## Provided material:
--------
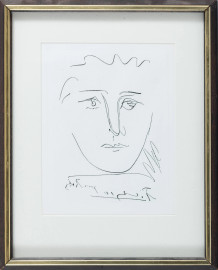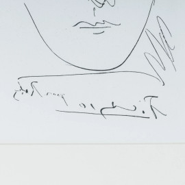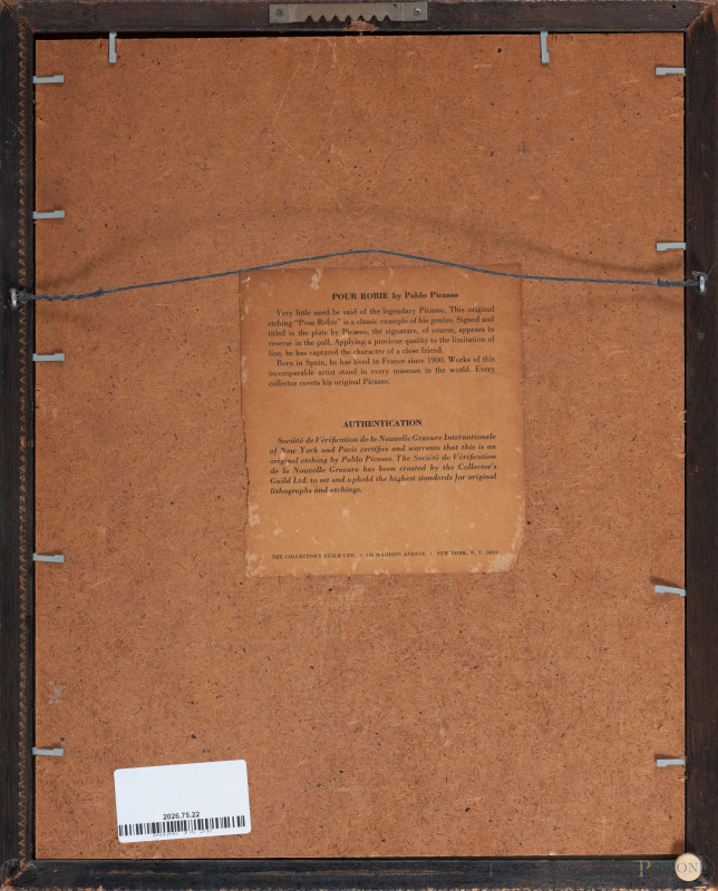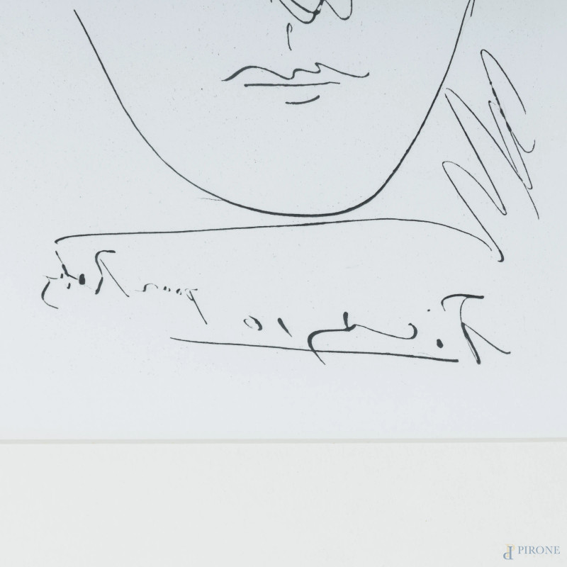 Stampa da Pablo Picasso, Pour Robie, XX secolo, cm 24,5x19, entro cornice, (segni di usura)
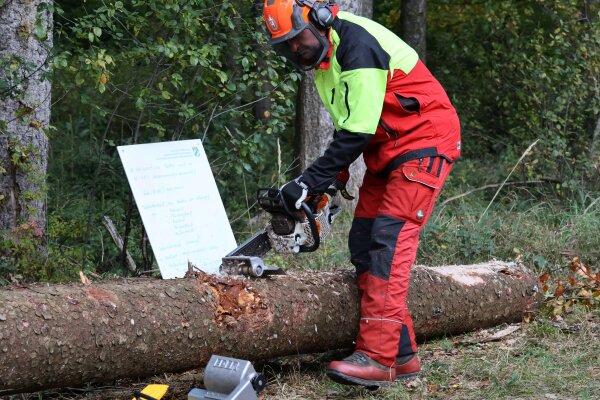 Um die 90 Waldbewirtschafter aus den Landkreisen Günzburg, Neu-Ulm und Unterallgäu fanden sich an zwei Tagen in den Gemeindewäldern Osterberg und Hawangen zum jährli-chen Forsttechniktraining des Amtes für Ernährung, Landwirtschaft und Forsten (AELF) Krumbach-Mindelheim ein. Als besonderer Gast nahm in Hawangen Landrat Alex Eder teil.
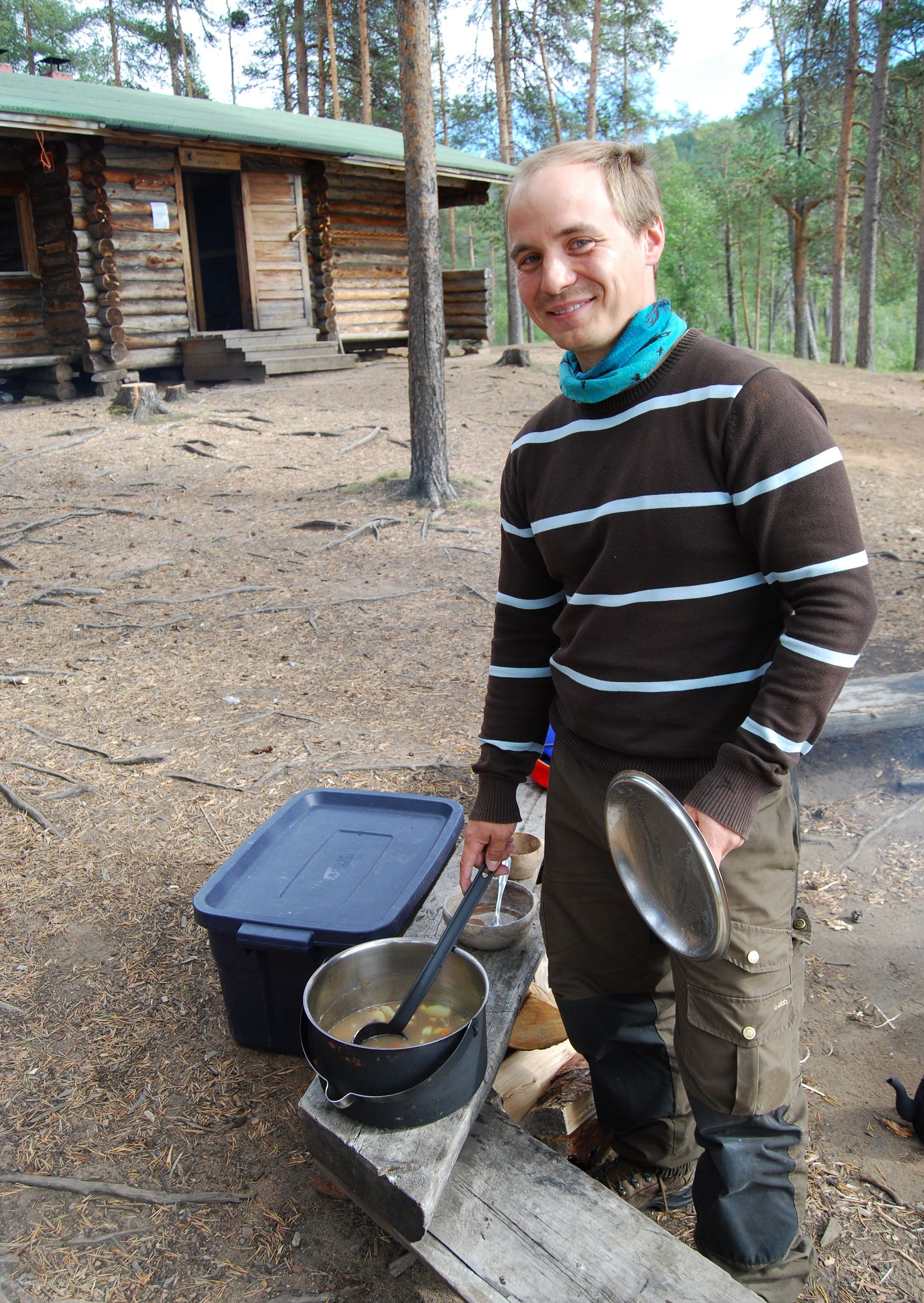 «Puis-je vous chanter un joik?» Cette question est inattendue. Il y a quelques instants, le jeune Aslak Paltto parlait encore des bases de l'élevage moderne des rennes lorsqu'il interrompt soudainement son discours et nous regarde avec impatience. Bien sûr que oui. Nous sommes assis sur une rive du Lemmenjoki. La rivière sillonne paisiblement le parc national qui porte son nom dans le nord de la Laponie finlandaise. Des épicéas imposants se balancent doucement dans le vent. Notre regard vagabonde sur l'eau qui ondule tranquillement. Nous venons de terminer notre repas de midi, simple mais très savoureux. Sur le feu ouvert, Aslak a réchauffé une soupe préparée par son père à la maison. Elle est composée de viande de renne, de pommes de terre et de légumes. Il a également servi le pain de seigle traditionnel avec du beurre et du fromage. Pour accompagner le café que notre guide a fait infuser dans une marmite en fonte posée direcement sur le feu, il nous propose du gâteau fait par sa mère.
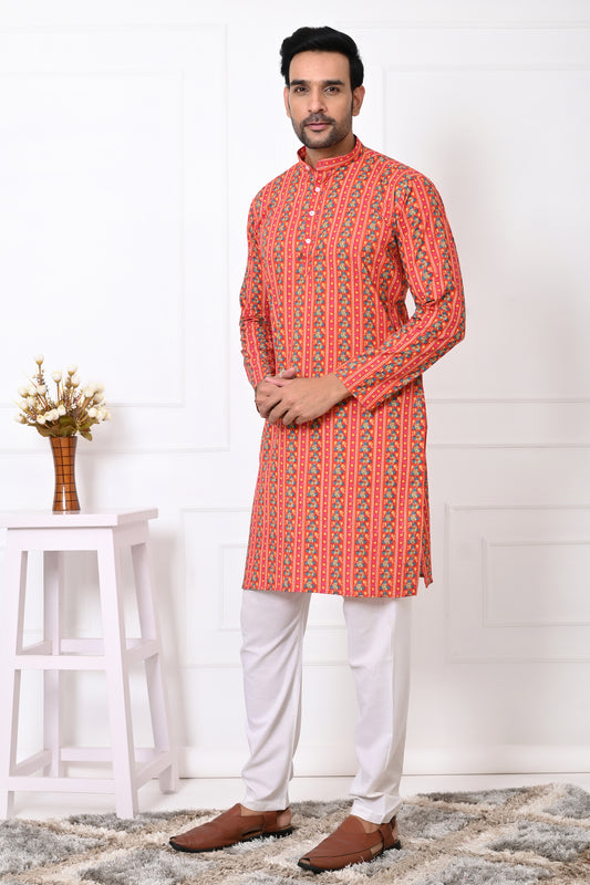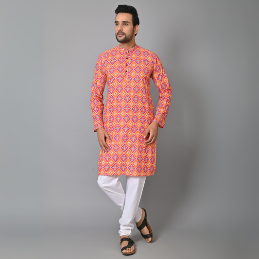 Orange Abstract Printed Long Kurta
--------
## Your task:
All of the data should be returned word for word, with each picture left out.

## Answer area:
 Stampa da Pablo Picasso, Pour Robie, XX secolo, cm 24,5x19, entro cornice, (segni di usura)
 Um die 90 Waldbewirtschafter aus den Landkreisen Günzburg, Neu-Ulm und Unterallgäu fanden sich an zwei Tagen in den Gemeindewäldern Osterberg und Hawangen zum jährli-chen Forsttechniktraining des Amtes für Ernährung, Landwirtschaft und Forsten (AELF) Krumbach-Mindelheim ein. Als besonderer Gast nahm in Hawangen Landrat Alex Eder teil.
 «Puis-je vous chanter un joik?» Cette question est inattendue. Il y a quelques instants, le jeune Aslak Paltto parlait encore des bases de l'élevage moderne des rennes lorsqu'il interrompt soudainement son discours et nous regarde avec impatience. Bien sûr que oui. Nous sommes assis sur une rive du Lemmenjoki. La rivière sillonne paisiblement le parc national qui porte son nom dans le nord de la Laponie finlandaise. Des épicéas imposants se balancent doucement dans le vent. Notre regard vagabonde sur l'eau qui ondule tranquillement. Nous venons de terminer notre repas de midi, simple mais très savoureux. Sur le feu ouvert, Aslak a réchauffé une soupe préparée par son père à la maison. Elle est composée de viande de renne, de pommes de terre et de légumes. Il a également servi le pain de seigle traditionnel avec du beurre et du fromage. Pour accompagner le café que notre guide a fait infuser dans une marmite en fonte posée direcement sur le feu, il nous propose du gâteau fait par sa mère.
 Orange Abstract Printed Long Kurta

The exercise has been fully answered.